COVID-19 lockdowns are likely to have allowed at least some of the short-term increase in deforestation due to a much more limited security/law enforcement detail. However, we are yet to see the full repercussions of the pandemic on tropical forests.

Economically, the world’s Governments are finding a way to cut debt and, at times like these, it’s common to see environmental agencies and investment projects losing funding. However, there is evidence to show that investments that focus on restoration, protection and conservation provide a more impressive fiscal stimulus than traditional kickstarts to the economy.

Climate change is causing severe weather changes

The biggest red flag from recent data is the sheer number of times tropical forests have been suffering due to extreme weather.
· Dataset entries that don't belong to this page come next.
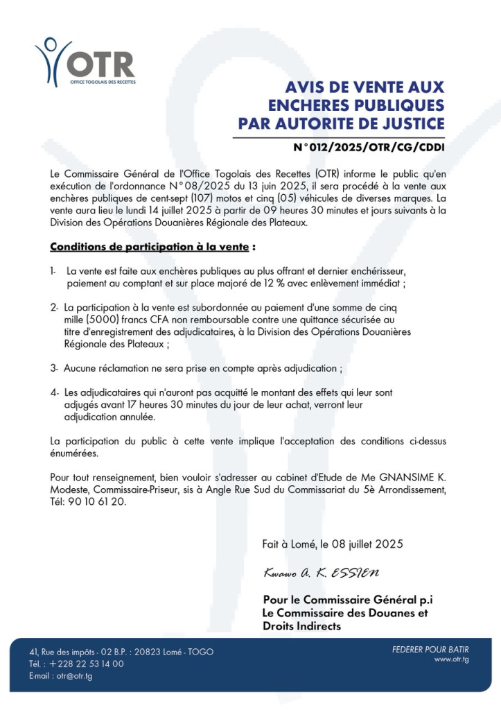 Cette vente fait suite à l’exécution de l’ordonnance N°08/2025 du 13 juin 2025, comme l’indique l’avis officiel signé par Kuwou A. K. Essien, Commissaire des Douanes et Droits Indirects, assurant l’intérim du Commissaire Général de l’OTR. Elle est conduite conformément aux textes en vigueur sur les ventes aux enchères publiques par autorité de justice.
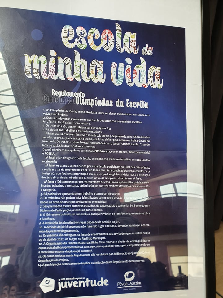 As Olimpíadas da Escrita realizaram-se na tarde de sexta-feira, 18 de fevereiro, no Diana Bar. De entre os 156 alunos das escolas básicas e secundárias do concelho da Póvoa de Varzim inscritos nesta iniciativa, participaram 20 alunos do nosso Agrupamento.
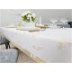 Złoty wzór, mankiet i lewa strona obrusy pięknie się błyszczy dzięki metalizowanej nici w składzie.

We’re now seeing rain forests in the Amazon burning from the inside out, rather than forest fires starting in newly felled edges.

Even more disturbingly, we are witnessing wetlands on fire too. It’s a vicious circle for deforestation – climate change leads to global warming and the loss of forests. This in turn creates even drier and hotter conditions making the remaining forest even more vulnerable to fire and destruction.

The risks to our planet can no longer be ignored or shunted into the future. The longer it takes for the global community to work together to combat deforestation and move to net-zero, the more likely it is that we will run out of time.

However, there are projects and initiatives in some countries that demonstrate that this is a battle the world can win.

Indonesia has reduced deforestation for four years running

If we look at Indonesia as an example, we see that the country has actually reduced the level of deforestation every year since 2016. This is down to various factors, including carbon credit systems as devised by the Katingan Mentaya Project.

The fact that our project produces 7.5 million independently verified carbon credits each year – enough to reduce emissions equivalent to those emitted by two million cars – is real world proof that there are innovative ways to combat deforestation and improve the future outlook.

Other contributing factors in Indonesia include relatively favourable weather patterns and the widespread implementation of corporate promises to remove deforestation from supply chains. Furthermore, the Government of Indonesia has also played a major role in making tangible efforts to protect its tropical forests.

After the devastation caused by the Indonesian forest fires of 2015, fire monitoring and prevention tools were upgraded and expanded. Primary forests and peatlands, such as the 150,000 acres covered by the Katingan Mentaya Project, were put under stronger protection.

Indonesia’s success in reducing deforestation is down to a combination of international, financial and domestic factors. By avoiding the impact of forest fires on local communities and public health, the country is working with innovative initiatives and companies that have alternative ways to protect the carbon-storing peatland forest areas.

Combatting deforestation must be supported by global stakeholders

While gains like this must be noticed and celebrated, they are nowhere near enough. And socio-political changes can very quickly undo any good work achieved – Brazil shows us that.

Up until recent years, Brazil was reducing deforestation in the Amazon by truly impressive amounts. This was down to a series of proven market and policy changes that can be seen in Indonesia today. However, with the onset of the Bolsanaro administration, things have slowed down.

Between 2019 and 2020, the Brazilian Amazon lost 15% more primary forest. The current Government has undone every positive change and has effectively destroyed law enforcement and environmental agencies that were previously doing so much good.

The global community must step up efforts to tackle deforestation. Governments should be able to receive diplomatic support and recognition for any successes in reducing emissions generated by forests. They should also be given financial assistance and investment funds, as well as innovative technical support to successfully recover from the pandemic in a way that will work not just for now, but for the future.